To begin, let the bones in your fingers disappear. Feel the flesh of your palms take on a new weight.
When I sit down to write, I cannot write. Yet when I am out and I see things and smell and hear them, the images bloom inside my skull, with words attached. Sometimes just one word, like when I saw all the machinery sitting silent as the buses rolled slowly past the construction zone. “Idle,” my mind gave to me. Or when the clutches of rugby fans, their colourful scarves and huge hats dancing with their steps, crowded me to the edge of the pavement, “frenzy” skidded past. Idle…frenzy. Perhaps that is the magnet kiss of my life.
But the words also fail me. Even now my mind cannot grasp the string of letters that signify the power that keeps us stuck to the earth instead of floating into the sky.

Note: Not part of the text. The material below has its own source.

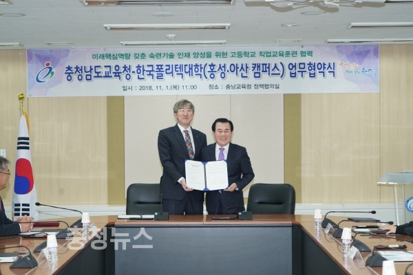 충남도교육청(김지철 교육감)은 한국폴리텍대학(홍성․아산 캠퍼스)과 1일 도교육청 정책협의실에서 미래핵심역량 갖춘 숙련기술 인재 양성을 위한 고등학교 직업훈련 업무협약을 맺었다.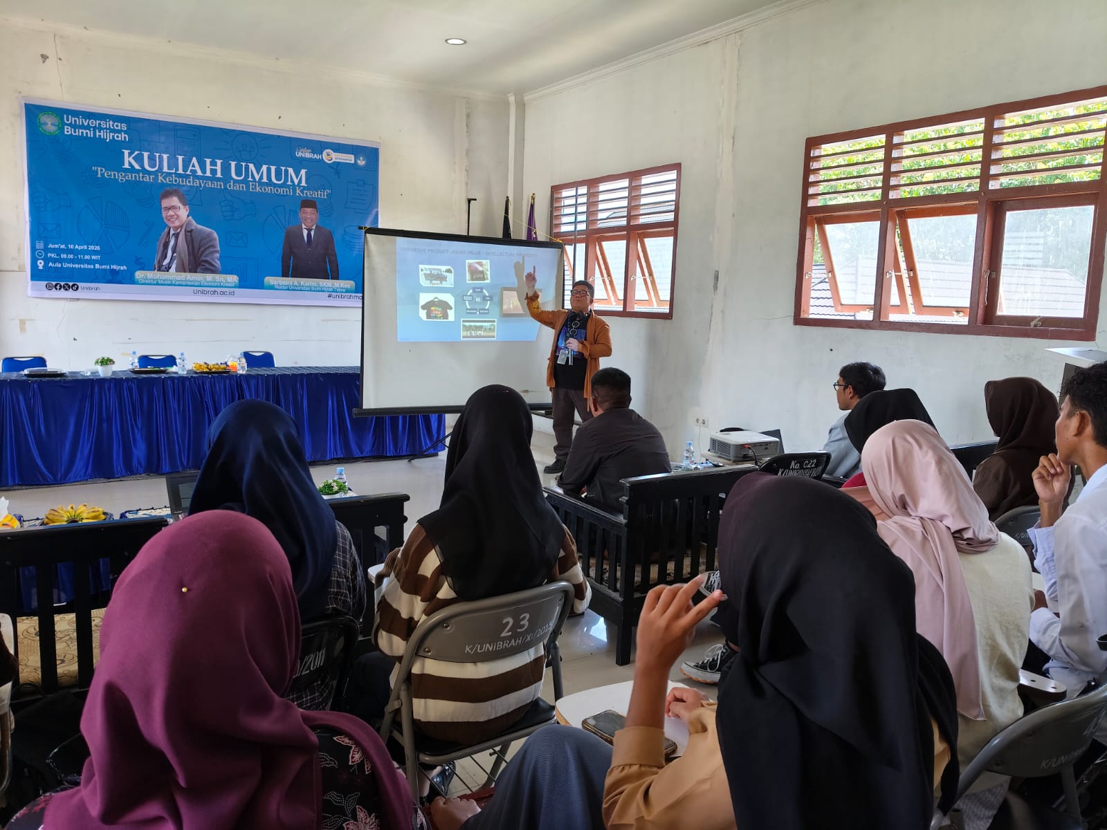 Antusias mahasiswa Universitas Bumi Hijrah Tidore (UNIBRAH) begitu terasa saat mengikuti kuliah umum yang disampaikan Direktur Musik Kementerian Pariwisata dan Ekonomi Kreatif Republik Indonesia, Mohammad Amin, di aula kampus, Jumat, 10 April 2026.

Instead of the correct word, my mind insists we are all held to the ground by gratitude.
I am learning to let go of the fear of retribution. Slowly I am becoming free. I do not believe in God. I do not believe in the man in the sky who will judge me and hold me up or cast me down. Even as a child I felt this, although I had no way to express it. Finally abandoning the idea of a sky god is…a relief. What remains is what I have always felt - the endless vibration of the tiniest of tiny things. A multitude of minute frictions, the ultimate trance dance and the coveted space between, in which calm spreads out like a plain, the sunset scrubbing the arc of the entire horizon.
Katsu! Is like a hand across a window, creating a bow of clarity, through which one can see a vista of nothing. What a view! cries the monk in his last breath.
I remember the word now. It is gravity.